VIRO: Robust and Efficient Neuro-Symbolic Reasoning with Verification for Referring Expression Comprehension¶

Conference: CVPR 2026 arXiv: 2601.12781 Code: https://github.com/ml-postech/VIRO-neuro-symbolic-reasoning-with-verification Area: Interpretability Keywords: Referring Expression Comprehension, Neuro-Symbolic Reasoning, Operator-Level Verification, Zero-Shot Learning, Target-Absent Detection

TL;DR¶

VIRO embeds lightweight operator-level verification mechanisms (CLIP uncertainty verification + spatial logic verification) into a neuro-symbolic REC pipeline, enabling each reasoning step to self-verify and terminate early when no target exists. Under a zero-shot setting, it achieves 61.1% balanced accuracy, substantially outperforming compositional reasoning baselines, while maintaining a program failure rate below 0.3% and efficient inference speed.

Background & Motivation¶

Background: Referring Expression Comprehension (REC) aims to localize a target region in an image given a natural language description. Recent neuro-symbolic methods based on LLMs and VLMs decompose queries into structured programs and execute them step by step, enabling interpretable reasoning and strong zero-shot generalization.
Limitations of Prior Work: Existing compositional reasoning pipelines assume that every intermediate result is correct; however, open-vocabulary detectors (OVDs) frequently produce high-confidence false positives (FPs). These errors cascade along the reasoning chain and are particularly severe in target-absent scenarios—where the system is forced to select a false positive as the final answer (the "forced prediction" problem).
Key Challenge: Existing methods lack verification mechanisms for intermediate reasoning steps. On one hand, candidate boxes generated by OVDs may be visually or semantically similar false positives; on the other hand, spatial relation reasoning may still produce outputs even when constraints are not satisfied. Furthermore, many systems place large multimodal LLMs inside the reasoning loop, causing significant latency, with program generation and execution tightly coupled such that a new reasoning program must be generated for every image.
Goal: (a) How can verification be embedded within reasoning steps to prevent cascading errors? (b) How can the system correctly "abstain" in target-absent scenarios rather than producing forced predictions? (c) How can accuracy be maintained while improving efficiency and scalability?
Key Insight: Integrating lightweight verification modules inside each reasoning operator—leveraging CLIP for uncertainty verification to filter OVD false positives, and geometric tests for logic verification to check whether spatial relations hold.
Core Idea: Within the neuro-symbolic reasoning pipeline, each operator follows an "execute-then-verify" paradigm: if verification fails, an empty set is returned and the pipeline terminates early, enabling robust target-absent detection.

Method¶

Overall Architecture¶

VIRO adopts a two-stage decoupled pipeline: (1) Pre-execution stage: an LLM translates the natural language query into a symbolic program \(P = (o_1, o_2, \dots, o_T)\) composed of Verified Reasoning Operators (VROs), followed by a program verifier that ensures syntactic correctness; (2) Execution stage: a program interpreter executes the operator sequence over the image step by step, where each operator performs self-verification after execution—returning an empty set and immediately terminating the entire pipeline if verification fails.
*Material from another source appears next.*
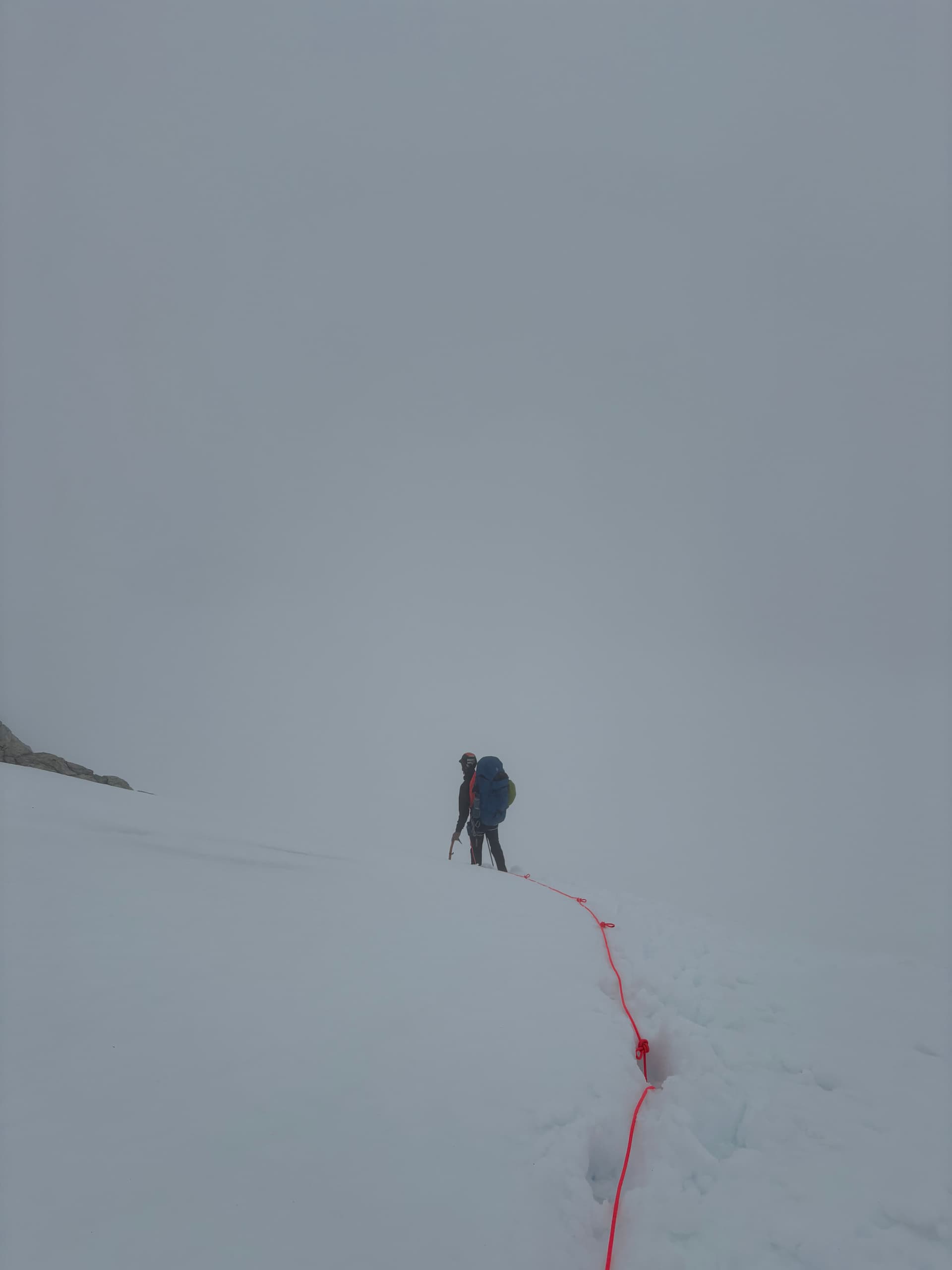 The next morning (day 8), a storm came in an wreaked havoc on our exposed camp site. We quickly got to work building a replica roman coliseum around the tent in the hopes of fending off the driving wind and rain. That night the storm reached a crescendo and we lost several guy-lines to the violent affair. We managed to rebuff the winds with some dyneema slings where there small guylines failed, but no sleep was had. Andrea and I played name games with mountains and countries to distract from the thoughts of a tent fly getting ripped up.

The output is either a localized bounding box or an empty set (indicating target absence).

Key Designs¶

Verified Reasoning Operators (VROs):
- Function: A finite set of operators serves as the basic building blocks of reasoning, covering four categories—recognition operators (FIND, PROPERTY), absolute spatial operators (LOCATE, SIZE, ORDER), relative spatial operators (FIND_DIRECTION, FIND_NEAR, FIND_INSIDE), and a termination operator (RESULT).
- Mechanism: Each operator not only executes a reasoning action but also self-verifies its output. If the verification condition is not satisfied, the operator returns \(\varnothing\), triggering early termination of the entire pipeline. This formalizes the REC output as either \(Y = B\) (target present) or \(Y = \varnothing\) (target absent).
- Design Motivation: By performing verification at the operator level rather than at the end of the pipeline, cascading errors are blocked at the earliest point of failure, while enabling efficient early exit.
Uncertainty Verification (UV) — within the FIND operator:
- Function: Filters high-confidence false positive candidates produced by OVDs.
- Mechanism: For each OVD candidate box \(B_j\), the corresponding image region \(I_j\) is cropped, and \(K\) common categories are predefined as negative anchors. A CLIP verification score is computed as \(S(l|I_j) = \frac{1}{K}\sum_{k=1}^K \frac{\exp(\text{sim}(I_j, l)/\tau)}{\exp(\text{sim}(I_j, l)/\tau) + \exp(\text{sim}(I_j, c_k)/\tau)}\), representing the average binary classification probability of the candidate label against the negative anchors. Candidates with scores below threshold \(\delta_l\) are filtered. To account for CLIP's intrinsic bias across different labels, per-label threshold calibration is performed using ImageNet.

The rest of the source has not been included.